The whole-of-state approach

The Whole-of-State Plan focuses on collaboration, inclusion, and a One Minnesota approach. This program is not a top-down mandate from the state, but our defenses and protections are only as successful as those of each organization. All Minnesota government and schools are strongly encouraged to participate together in this whole-of-state approach so that Minnesota’s joint cybersecurity chain is stronger and can better protect our neighbors, families, and children.

Four goals

The Minnesota Cybersecurity Task Force has approved four goals to advance the Whole-of-State Plan. These are designed to provide a solid foundation for a long-term, sustainable cybersecurity system that builds on results and moves with the times.

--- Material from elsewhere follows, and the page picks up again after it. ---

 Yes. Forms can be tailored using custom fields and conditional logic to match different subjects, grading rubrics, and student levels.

  1. Mature cyber capabilities throughout the state
  2. Increase participation in programs and services known to work
  3. Collaborate and share information throughout the state
  4. Strengthen the cyber-resiliency of critical infrastructure


The SLCGP funding is provided by:

  • $18 million in federal funds allocated to Minnesota through the SLCGP.
  • $5.5 million in state match funds from the Minnesota legislature.

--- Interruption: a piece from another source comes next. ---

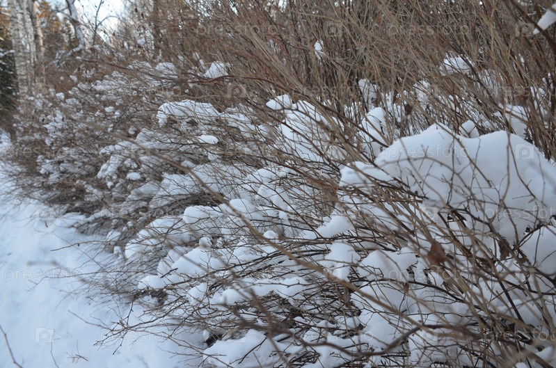 Кусты занесенные снегом в зимнем парке

At least 80% of funding will go directly to programming, and 25% is designated for rural areas where resources are fewer. The plan relies on building trusted partnerships with entities across Minnesota.

This funding will:  

  1. Help local governments, Tribal Nations, and school organizations acquire the tools and resources they need to enhance their existing baseline cybersecurity capabilities.
  2. Expand the use of advanced cybersecurity detection and defensive tools and capabilities.
  3. Expand threat intelligence analysis and collaboration throughout Minnesota.
  4. Bring security products, services, and resources to critical infrastructure through strategic partnerships.

Minnesotans' role in cybersecurity

This plan is about what Minnesota governments are doing for you. However, cybersecurity is everyone’s concern and there are some things that you can do to protect yourself and your loved ones. Think about cybersecurity protections in the same way you protect your car and your home by locking the doors.

Ready.Gov has shared tips you can use today, or visit their website for more information:

  • Limit the personal information you share online.
  • Keep software applications and operating systems up-to-date.
  • Create strong passwords and change them regularly. Use a password manager and two methods of verification.
  • Watch for suspicious activity that asks you to do something right away, offers something that sounds too good to be true, or needs your personal information.
  • Use antivirus and anti-malware solutions.
  • Do not click on links in texts or emails from people you don’t know. Scammers can create fake links to websites.
  • Remember that the government will not call, text, or contact you via social media about owing money.